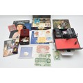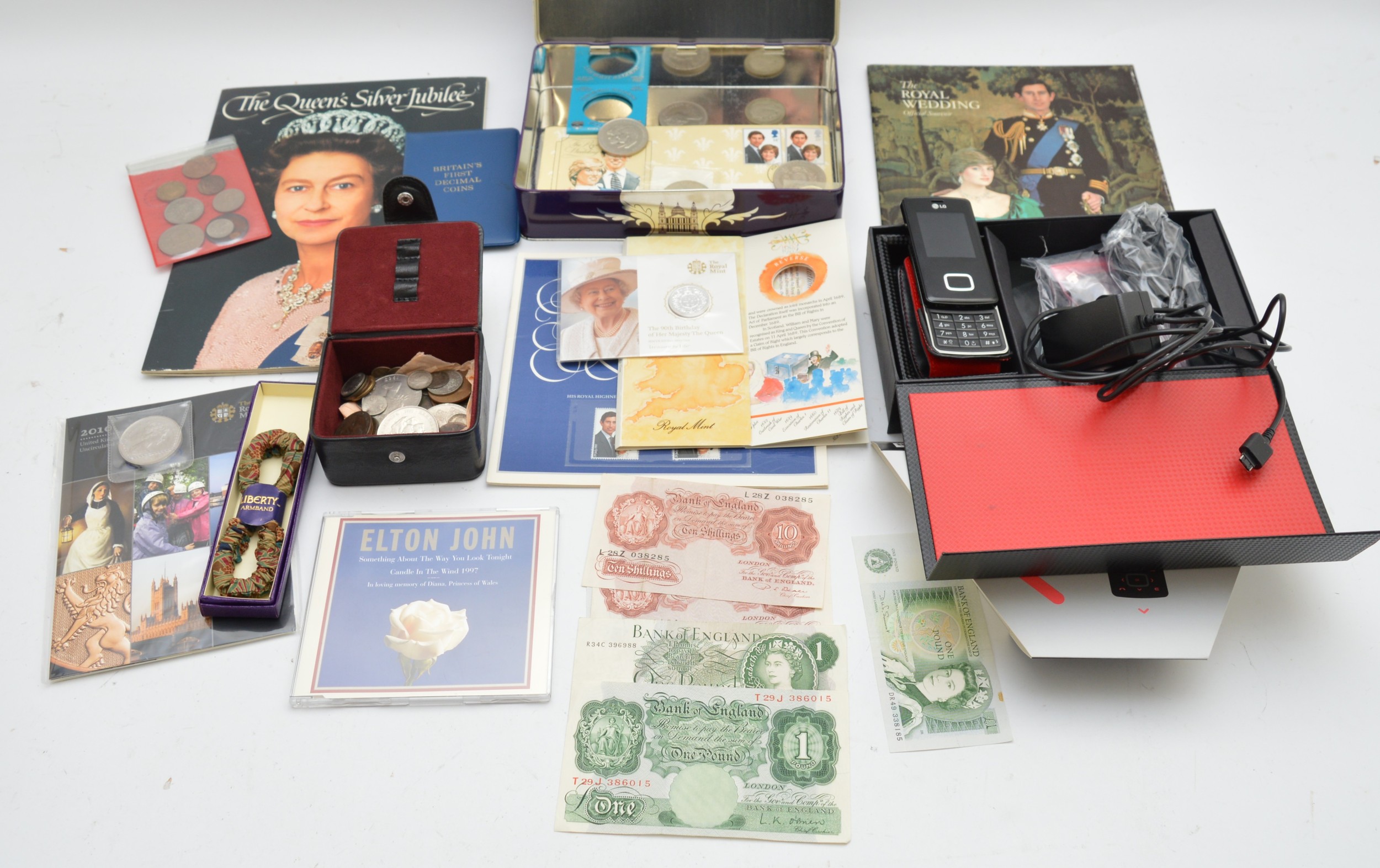 A LG KG800 chocolate slide action mobile telephone, with full accessory pack, Virgin network, an L.K. O'Brien £1 note, three other £1 notes, two 10 Shilling notes, Peppiatt and Beale, together with various commemorative and other coinage
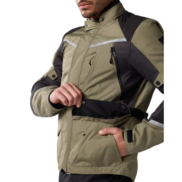 REV’IT! has its characteristic cut, for touring jackets as well. If you’ve never worn REV’IT! before, you might feel it’s kind of short, even though the back is worked out longer than the front in order to avoid a bare back. In the front, the REV’IT! style will have the irrefutable advantage that a bulging jacket will never be a source of irritation. On the motorcycle, where it counts, this ensures optimal wearing comfort.
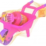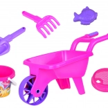 Un set de jardin pour enfants amusant et pratique avec brouette et de nombreux accessoires, qui favorise le jeu en plein air, le développement de la motricité et la créativité. Une brouette rose légère, un seau avec couvercle servant de tamis, une pelle, un râteau et un moule en forme de poisson offriront aux enfants des heures de jeu créatif au jardin comme dans le bac à sable. Le produit est fabriqué à partir de matériaux de qualité et sûrs, adapté aux enfants dès 3 ans.
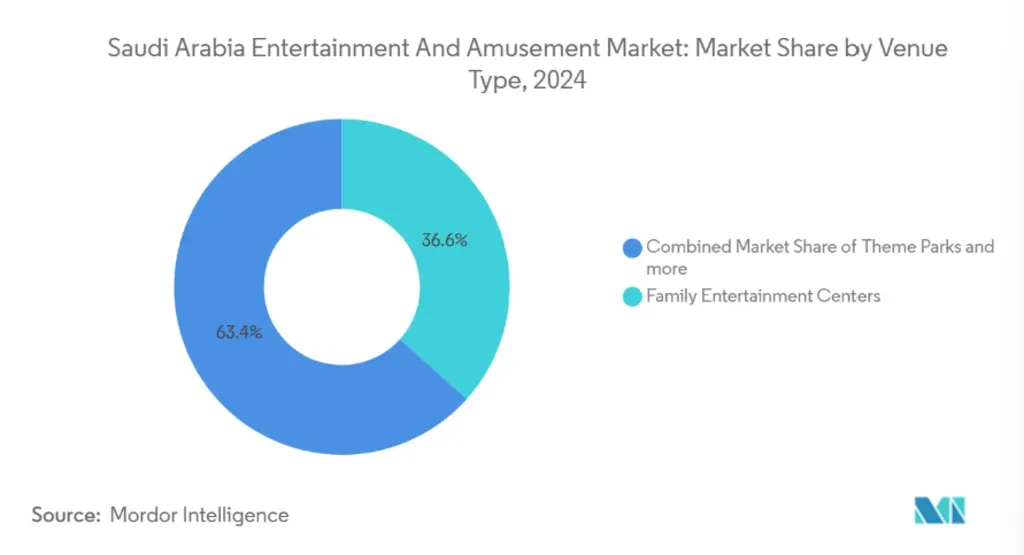 Geographically, Riyadh dominates with weekday FEC occupancy averaging 68%, thanks to its Boulevard zones and luxury retail hubs. Makkah aligns its entertainment mix with pilgrimage cycles, while the Eastern Province leverages its coastal climate for water parks. Emerging regions like Tabuk’s NEOM corridor are experimenting with net-zero ride technologies and holographic theaters, signaling the future direction of the Saudi Entertainment Market.
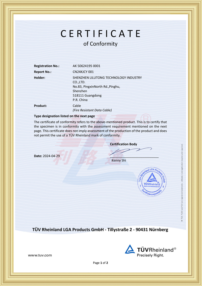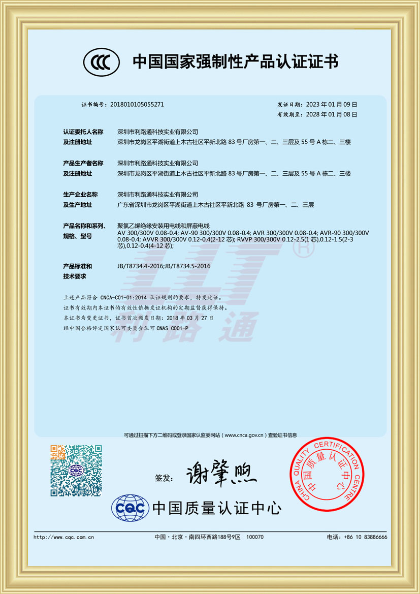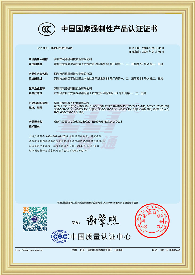 深圳市利路通科技實(shí)業(yè)有限公司成立于2001年,是一家主要從事防火線纜、硅膠線纜、橡膠線纜、低煙無鹵線纜、通訊線纜、漂浮線纜、耐寒線纜、控制線纜、柔性線纜、電梯線纜、機(jī)器人線纜、新能源專用線纜、光纖綜合線等全系列電線電纜的產(chǎn)品設(shè)計(jì)、研發(fā)、生產(chǎn)、銷售、工程方案銷售服務(wù)的綜合性企業(yè),產(chǎn)品廣泛應(yīng)用于消防與安防,通訊,新能源,太陽能,高層樓宇,軌道交通,橋梁,工業(yè)4.0設(shè)備,船舶,航空,軍工等領(lǐng)域并榮獲深圳高新技術(shù)企業(yè)、全國(guó)守合同重信用企業(yè)、深圳市愛心企業(yè)、深圳市消防安防百?gòu)?qiáng)企業(yè)、電線電纜協(xié)會(huì)理事會(huì)單位、國(guó)家一級(jí)計(jì)量體系合格企業(yè)、中國(guó)優(yōu)秀民營(yíng)科技企業(yè)。
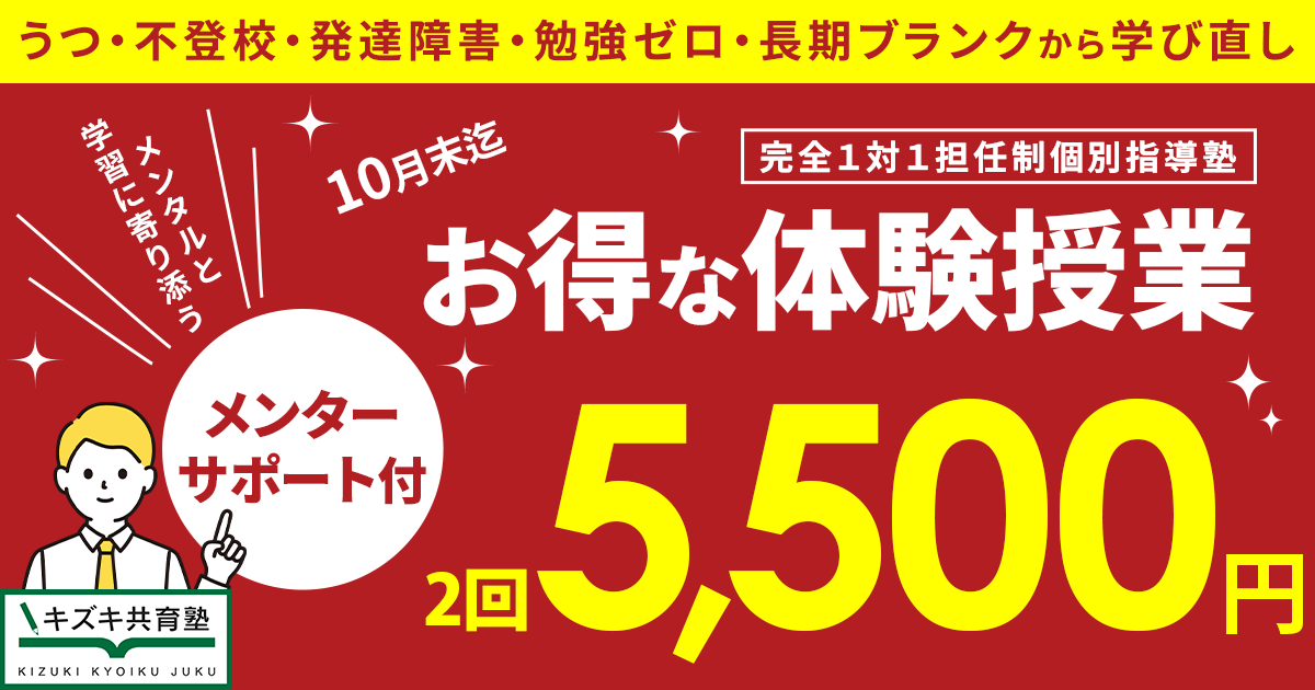「次の一歩」に進むきっかけを提供するため、2025年10月末まで(申込期間)、キズキ共育塾では「体験授業キャンペーン」を実施します!通常の授業と同じ、完全オーダーメイドの授業を2回お試しいただける特別なチャンスです。
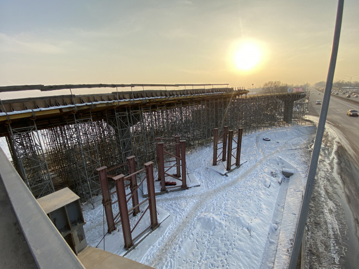Так выглядит недостроенная эстакада возле ЖК "Асыл Арман" сейчас. Февраль 2022 года. Фото ©Айнаш Ондирис
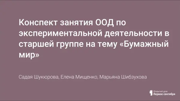 Конспект занятия ООД по экспериментальной деятельности в старшей группе на тему «Бумажный мир»
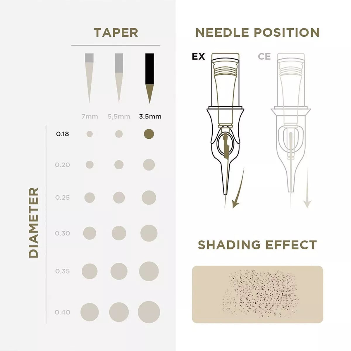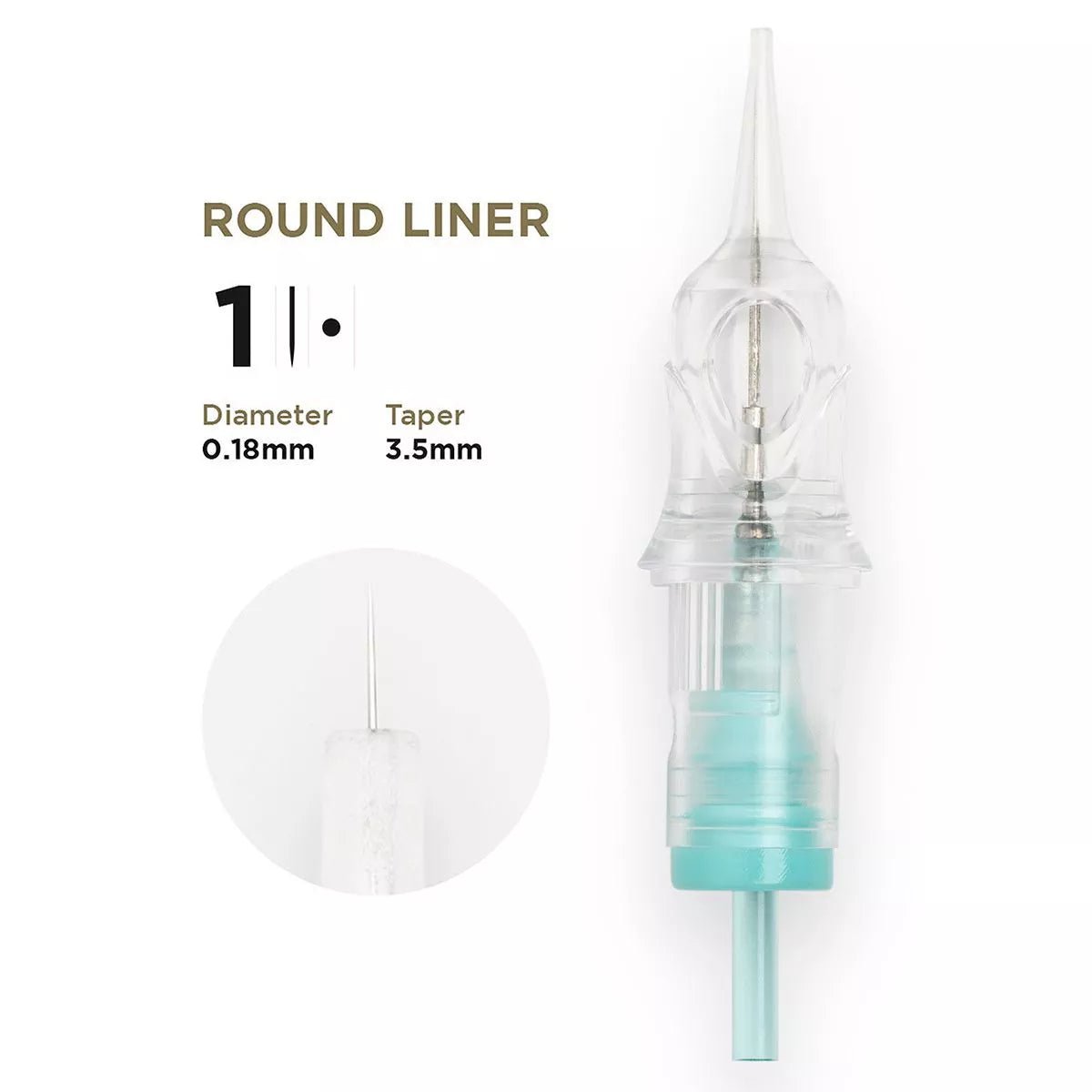 Punta 1R: Adatta per i dettagli più fini nei tatuaggi e nel trucco permanente. Fornisce una precisione ottimale per motivi complessi, tratti di capelli e dettagli dell'eyeliner nei procedimenti di PMU.
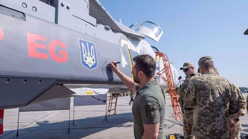 ഫ്രഞ്ച് പതാകയുടെ നിറങ്ങളിൽ തിളങ്ങുന്ന ഫ്രഞ്ച് നിർമ്മിത മിസൈൽ, ബോംബർ വിമാനത്തിനടിയിൽ ഘടിപ്പിച്ചിരിക്കുന്ന ഉക്രേനിയൻ കോട്ട് ഓഫ് ആംസ് എന്നിവയിൽ സെലെൻസ്കി ഒപ്പിടുന്നത് കാണിച്ചു.
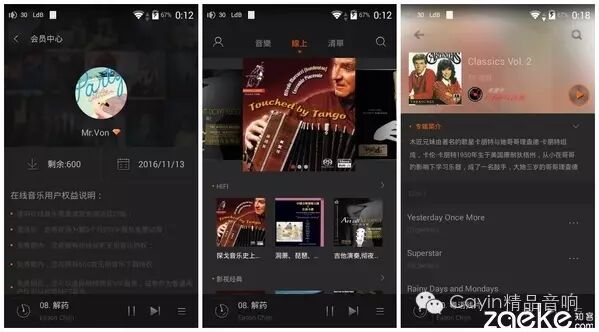 每一位Cayin i5的使用者,均能够得到三个月的免费VIP会员权限,并可在线试听44.1/16标准的flac无损音乐,并进行下载保存。这样的做法能够在一定程度上,解决使用者的音源下载问题导致的体验问题。但更多的意义在于,推动与培养版权概念。
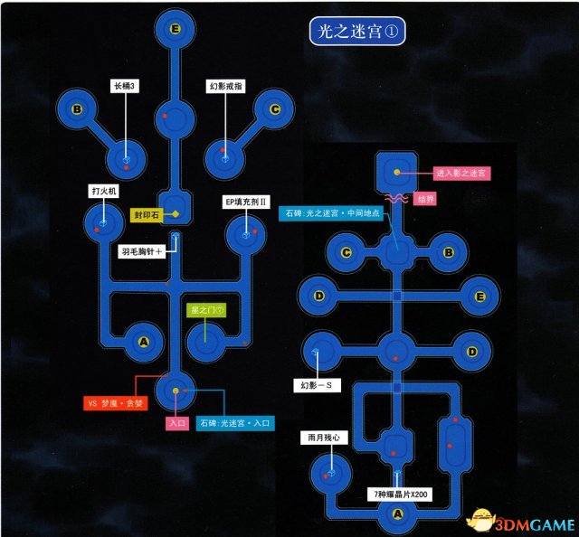 按照图中A-B-C-D-E的顺序走,注意收集沿途的宝箱和调查星门13、太阳之门⑤,到了C点先去救基尔巴特拿到最新的安全卡片之后再前往机库。
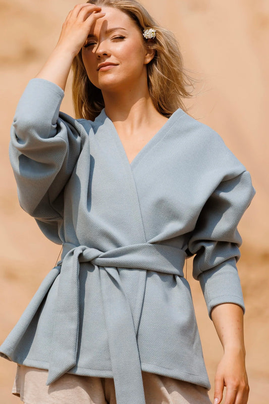 Lyhyt Vaaleansininen villasekoitetakki, jossa on laskettu olkapäät ja irrotettava vyö. Sopii erinomaisesti yksinään kevääseen ja syksyyn tai lisäkerrokseksi talvitakin alle. Se on miellyttävän väljä, ja siinä on hieman pidempi leikkaus sivuilla.
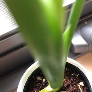 購入からだいたい1か月経過。真ん中からくるくるの葉っぱ♡早く開かないかな~🎶
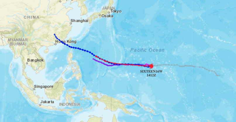 날짜변경선을 넘어와 생성된 열대저압부 TD16W가 서쪽으로 계속 이동 중이며 8월 16일, 12호 태풍 오마이스가 될 전망입니다.
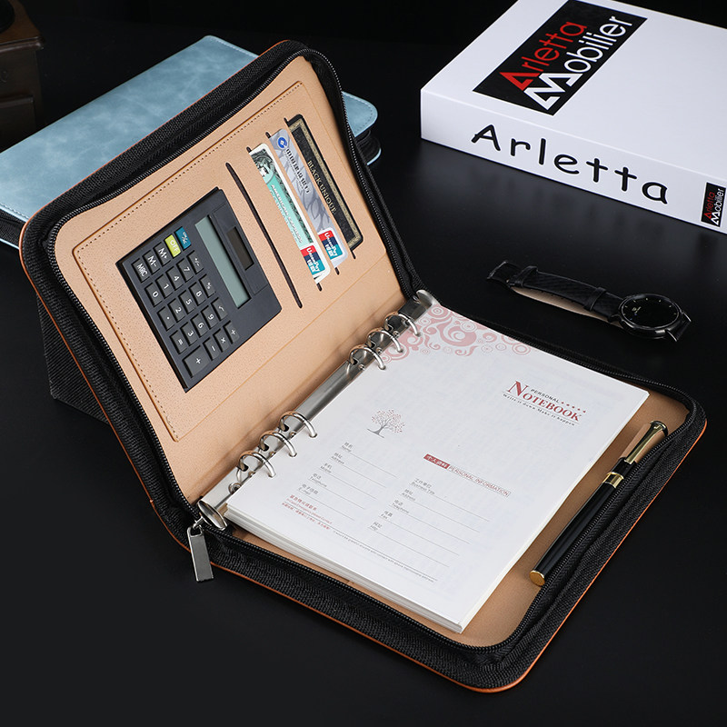 Loose-leaf A5 notebook business multi-function manager clip B5 creative zipper bag with calculator hand account notepad sub-office manager bag real estate information booklet contract sales clip custom LOGO
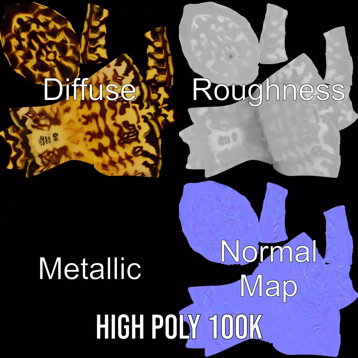 This patterned seashell 3D model pack offers intricate detailing reminiscent of natural shell designs. Each model has 3 levels of detail: low-poly (1000 triangles for mobile), middle-poly (10,000 triangles for environment), and high-poly (100,000 triangles), which allows for the use of this model in production rendering (such as 3ds Max, Maya, Cinema 4D, Blender, Vray/Corona/Cycles and all other), game engines (Unity and Unreal compatible), and interactive presentations, providing a choice of detail based on the LOD system principle. Ideal for beach scenes, educational material, and aquatic-themed environments. The model's textures are PBR, Diffuse, NormalMap, and reflection/roughness/metallic, suitable for any modern rendering engine. All models are accurately unwrapped and have no overlapping UV. All textures are 4096x4096 in size. If you like this model, please leave a like and comment!
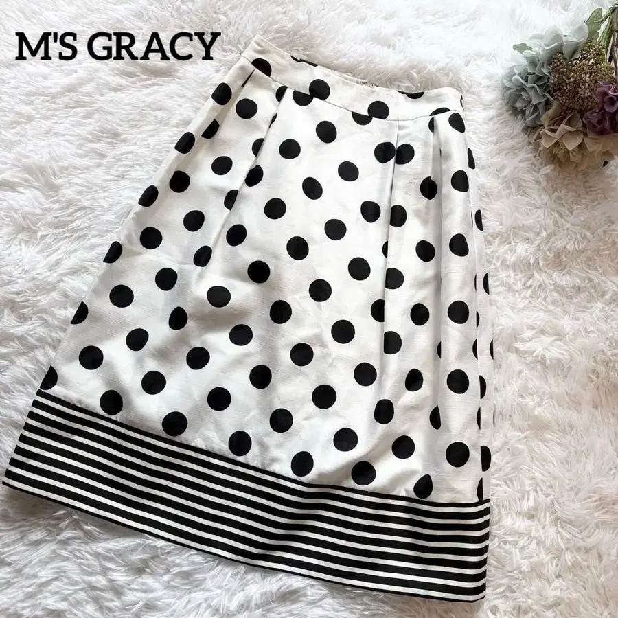 [ 엠즈 그레이시 ] 도트 x 보더 스커트 화이트 작은 사이즈
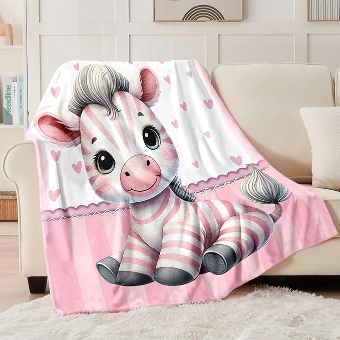 Personalized Baby Blanket for Girls, Custom Baby Blanket with Name, Soft Cozy Personalized Name Blankets for Kids, Customized Zebra Blanket for Infant Toddler Birthday Christmas
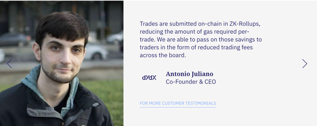 dYdX CEO Antonio Juliano 透露,2020 年中,去中心化交易所 dYdX 的 gas fee 高达收入的 90-100%,于是选择 StarkEx 扩展引擎,于 2020 年底,dYdX 推出 zk Rollup 版,每天处理数十亿美元的交易,将 gas 费降至原来的 1/50,促进业务增长了 500 倍。

**Your goal**. Return exactly the lines that appear in the data above between the line containing "深圳市利路通科技實(shí)" and the line containing "Loose-leaf A5 notebook", both of which are included, and leave the pictures out.

**Result for this exercise**.
 深圳市利路通科技實(shí)業(yè)有限公司成立于2001年,是一家主要從事防火線纜、硅膠線纜、橡膠線纜、低煙無鹵線纜、通訊線纜、漂浮線纜、耐寒線纜、控制線纜、柔性線纜、電梯線纜、機(jī)器人線纜、新能源專用線纜、光纖綜合線等全系列電線電纜的產(chǎn)品設(shè)計(jì)、研發(fā)、生產(chǎn)、銷售、工程方案銷售服務(wù)的綜合性企業(yè),產(chǎn)品廣泛應(yīng)用于消防與安防,通訊,新能源,太陽能,高層樓宇,軌道交通,橋梁,工業(yè)4.0設(shè)備,船舶,航空,軍工等領(lǐng)域并榮獲深圳高新技術(shù)企業(yè)、全國(guó)守合同重信用企業(yè)、深圳市愛心企業(yè)、深圳市消防安防百?gòu)?qiáng)企業(yè)、電線電纜協(xié)會(huì)理事會(huì)單位、國(guó)家一級(jí)計(jì)量體系合格企業(yè)、中國(guó)優(yōu)秀民營(yíng)科技企業(yè)。
「次の一歩」に進むきっかけを提供するため、2025年10月末まで(申込期間)、キズキ共育塾では「体験授業キャンペーン」を実施します!通常の授業と同じ、完全オーダーメイドの授業を2回お試しいただける特別なチャンスです。
Так выглядит недостроенная эстакада возле ЖК "Асыл Арман" сейчас. Февраль 2022 года. Фото ©Айнаш Ондирис
 Конспект занятия ООД по экспериментальной деятельности в старшей группе на тему «Бумажный мир»
 Punta 1R: Adatta per i dettagli più fini nei tatuaggi e nel trucco permanente. Fornisce una precisione ottimale per motivi complessi, tratti di capelli e dettagli dell'eyeliner nei procedimenti di PMU.
 ഫ്രഞ്ച് പതാകയുടെ നിറങ്ങളിൽ തിളങ്ങുന്ന ഫ്രഞ്ച് നിർമ്മിത മിസൈൽ, ബോംബർ വിമാനത്തിനടിയിൽ ഘടിപ്പിച്ചിരിക്കുന്ന ഉക്രേനിയൻ കോട്ട് ഓഫ് ആംസ് എന്നിവയിൽ സെലെൻസ്കി ഒപ്പിടുന്നത് കാണിച്ചു.
 每一位Cayin i5的使用者,均能够得到三个月的免费VIP会员权限,并可在线试听44.1/16标准的flac无损音乐,并进行下载保存。这样的做法能够在一定程度上,解决使用者的音源下载问题导致的体验问题。但更多的意义在于,推动与培养版权概念。
 按照图中A-B-C-D-E的顺序走,注意收集沿途的宝箱和调查星门13、太阳之门⑤,到了C点先去救基尔巴特拿到最新的安全卡片之后再前往机库。
 Lyhyt Vaaleansininen villasekoitetakki, jossa on laskettu olkapäät ja irrotettava vyö. Sopii erinomaisesti yksinään kevääseen ja syksyyn tai lisäkerrokseksi talvitakin alle. Se on miellyttävän väljä, ja siinä on hieman pidempi leikkaus sivuilla.
 購入からだいたい1か月経過。真ん中からくるくるの葉っぱ♡早く開かないかな~🎶
 날짜변경선을 넘어와 생성된 열대저압부 TD16W가 서쪽으로 계속 이동 중이며 8월 16일, 12호 태풍 오마이스가 될 전망입니다.
 Loose-leaf A5 notebook business multi-function manager clip B5 creative zipper bag with calculator hand account notepad sub-office manager bag real estate information booklet contract sales clip custom LOGO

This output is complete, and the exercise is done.